You can read his autobiography, Reminiscences of a Stock Operator

Can it repeat?

Yes: anything can happen.

No: the exact conditions of any previous period will never be the same, even if similar events, like market crashes, do occur.

So, both.

What to do? Whatever your trading method tells you to do, as always.

-----------------

I will now be the bad guy, and address the Livermore legend. It's a harmless legend in many ways, but knowing what actually happened is always better.

He did make a lot of money going short during that crash. He eventually lost it all and had little at the time of his death, by suicide, in 1940. He was extremely wealthy at times, and went into bankruptcy three times, the last in 1934.

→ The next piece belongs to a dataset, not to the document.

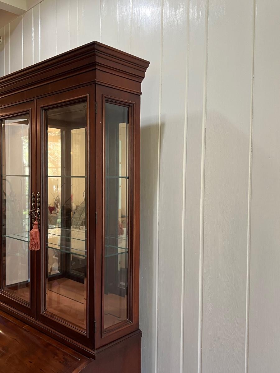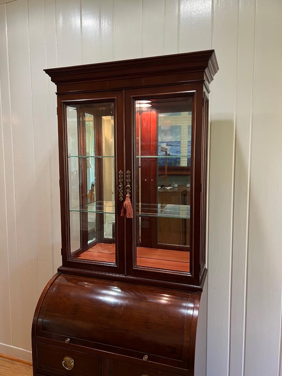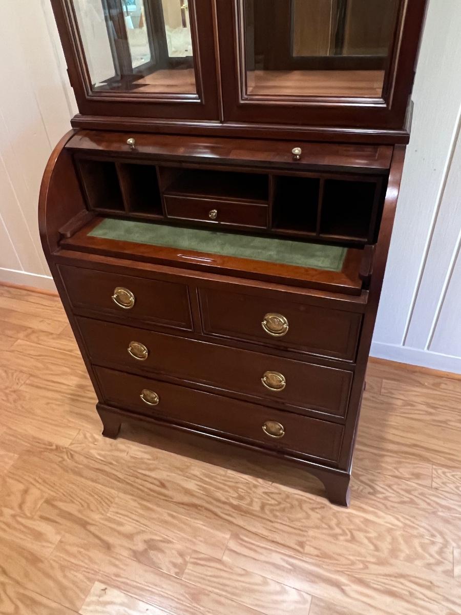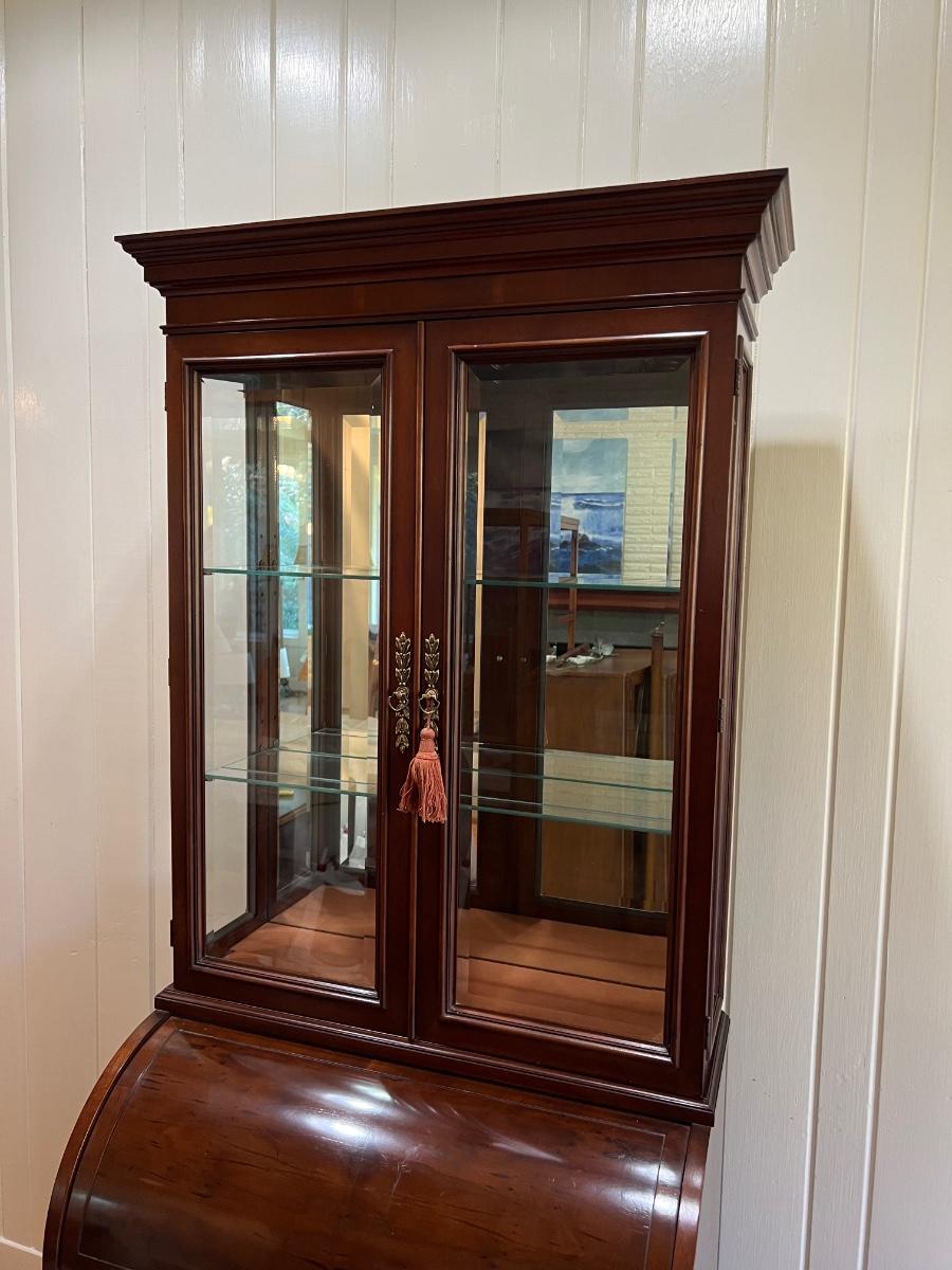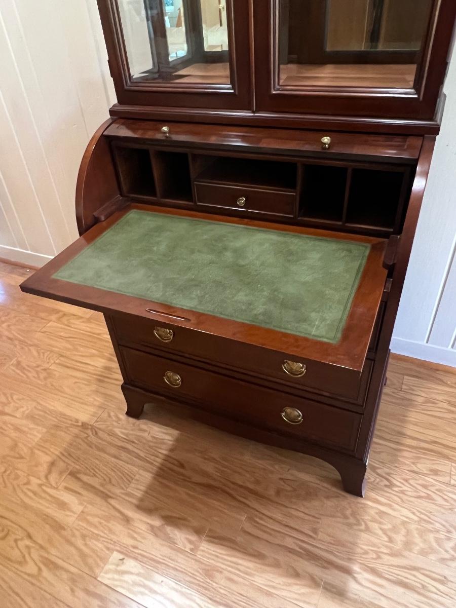 Two pieces ~ Has beveled glass doors & side panels ~ Green Leather Writing Surface ~ 78” H x 30” W x 19” D

The Reminiscences book by Edwin Lefèvre is often thought to be his autobiography, but it is not. Lefevre was a real person, not a pseudonym of Livermore, although the book is certainly based on him.

I'm not trying to harm the good feelings that people have about Livermore, nor about the book, which, like probably everyone else who has ever traded, I enjoyed immensely and read more than once.

But trading has its ups and downs. Unfortunately.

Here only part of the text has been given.